Solar panels as seen in Rockland in June 2021. Brianna Soukup/Portland Press Herald

Freeport’s town council on Tuesday voted to adjust rules regulating solar energy projects, opening the door for a potential new development off Route 1.

The new rules permit arrays of up to 15 acres in a particular commercial zone on Route 1 south. Previously, the cap in the area was under 2 acres.

Developments will be required to sit 150 feet back from Route 1 and at least 1 mile from another solar farm. A general restriction on herbicides was also approved.

The changes were sparked after NBD Solar Maine submitted an application in April to build a roughly 10-acre array off Route 1. The engineering company working on the project is Hoyle, Tanner & Associate, and according to Project Manager Shawn Tobey, the development proposal will now likely be closer to 15 acres due to the rule change.

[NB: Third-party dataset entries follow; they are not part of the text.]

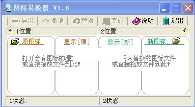 1、将需要被替换或提取的源文件(或快捷方式)直接拖放至“原图标”窗口(或单击程序界面第一个方框中“原图标”文件夹图案,选择并打开将要提取或将要被替换图标的源文件),该文件中的图标将显示在列表中;同样,将提供新图标的源文件(或快捷方式)直接拖放至“新图标”窗口(或单击最后一个方框中“新图标”文件夹图案,选择并打开提供新图标的资源文件),该文件中的图标也显示在列表中;
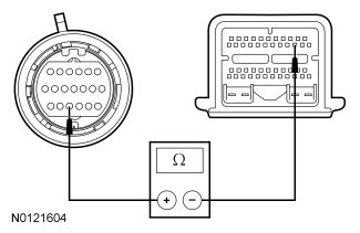 - Measure the resistance between the PCM C175T-14 circuit RET04 (YE/OG) and ground.
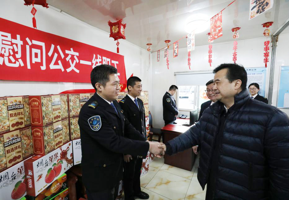 济南公交官网讯 2月2日,新春佳节来临之际,济南市委常委、统战部部长,市总工会主席张勇强,济南市总工会党组书记、常务副主席高冰一行来到济南公交中部分公司五队燕山新居站点,亲切慰问坚守岗位的公交一线职工,为大家送上节日的问候和诚挚的祝福。
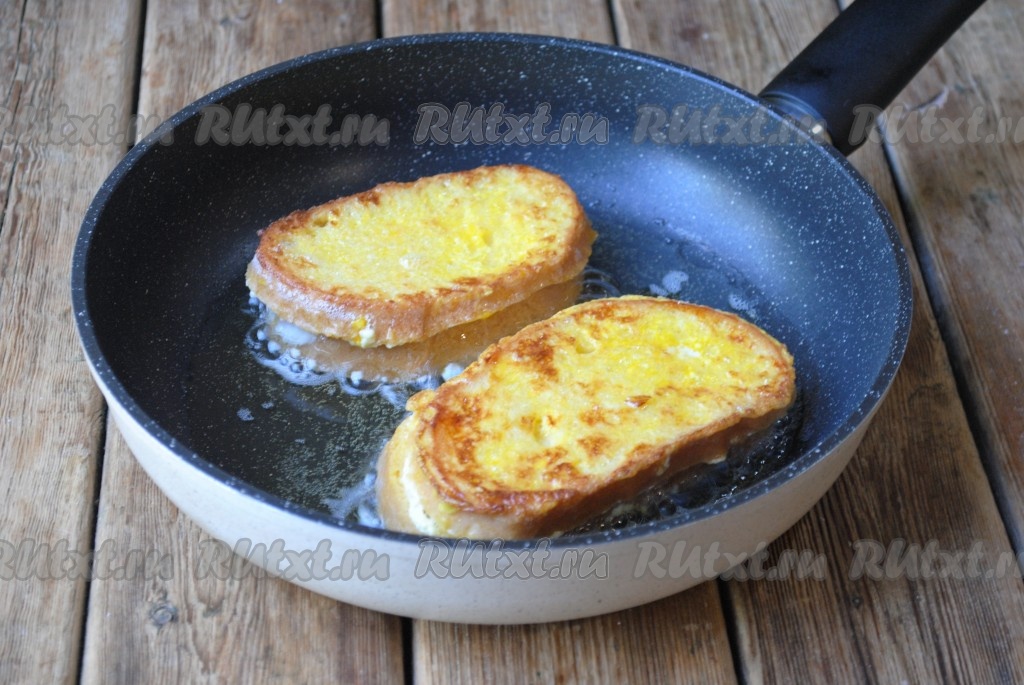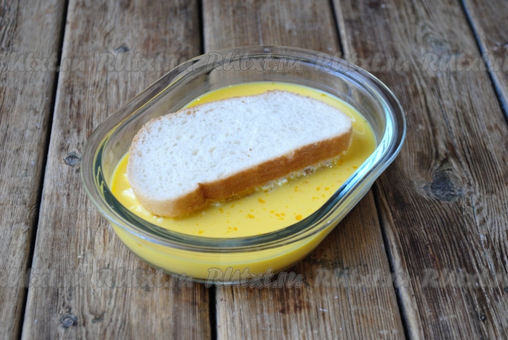 Хлеб со всех сторон обмакнуть в яично-молочную смесь.
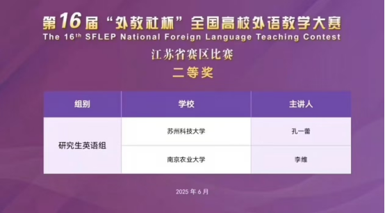 2025年6月7日,第十六届 “外教社杯” 全国高校外语教学大赛江苏赛区获奖名单正式揭晓。新葡的京官网教师李维在首次设立的研究生英语组比赛中表现优异,凭借创新的教学设计与扎实的教学功底斩获佳绩,充分展现了新葡的京官网外语教学的卓越水平与教师队伍的专业素养。
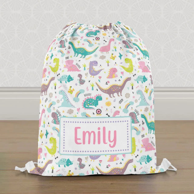 Get this cute personalised Dinosaur PE Bag, perfect for your little one’s school and sports adventures! Made with water-resistant fabric, it’s ready for any activity, swimming, football, tennis, and beyond. The vibrant, fun design makes it simple to spot in the school cloakroom. Keep all their essentials organised and ready with this handy drawstring bag, featuring a print on one side, a plain white back, and sturdy chunky strings for easy carrying.
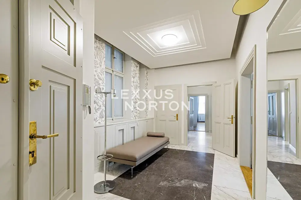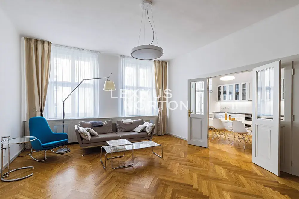 Velkoryse rekonstruovaný a plně zařízený byt 3+1 se zachovanými původními prvky se nachází ve 4. nadzemním podlaží domu s výtahem z přelomu 19. a 20. století. Dispozice bytu nabízí prostornou vstupní halu, dvě ložnice, obývací pokoj, kompletně vybavenou kuchyni, koupelnu, samostatnou toaletu, šatnu a technickou místnost.

The array would be a roughly 5-megawatt connection to the grid, Tobey said, which translates to between 2,000 and 3,000 houses being powered at full output.

“It’s a commercial lot that’s not really ideal for commercial development,” Tobey said, noting the land’s steep terrain. “But it’s a perfect use for solar where it’ll be mostly hidden from view.”

The project still needs review and approval from the town, which Tobey estimated would take roughly three or four months.

According to the April application, the array would be a community solar project, giving both residential and commercial Central Maine Power users the opportunity to use renewable energy through Maine’s net metering program.

Attempts to contact NBD Solar Maine were unsuccessful on Wednesday.

According to Freeport Town Council Chairperson John Egan, the amended rules to increase size align with where the solar market is in terms of economic viability for projects.

“Solar farms are the future of decarbonizing our utility supply. Plus, they are a bright example to illustrate how solar energy works,” said Egan in an email. “They’re visible, silent and get people (locals and visitors) talking about renewable energy. Freeport is a town that is committed to that value of supporting renewable energy sources.”

If the array proposed by NBD Solar Maine is approved and built, it would be the first large-scale commercial solar farm in Freeport.

Other businesses and organizations that use roof-mounted solar in Freeport include Wilbur’s of Maine and Freeport Community Library, as well as Maine Beer Company which also has ground-mounted panels.

Maine Idyll Motor Court off Route 1 hosts a roughly quarter-acre community solar array with nine members. According to Motor Court owner David Marstaller, the energy produced by the panels goes into the grid and members are credited by Central Maine Power. The array was built around 2015.


This story was updated at 10:15 a.m. Thursday, Oct. 7 to correct the name spelling of the engineering company involved in the project.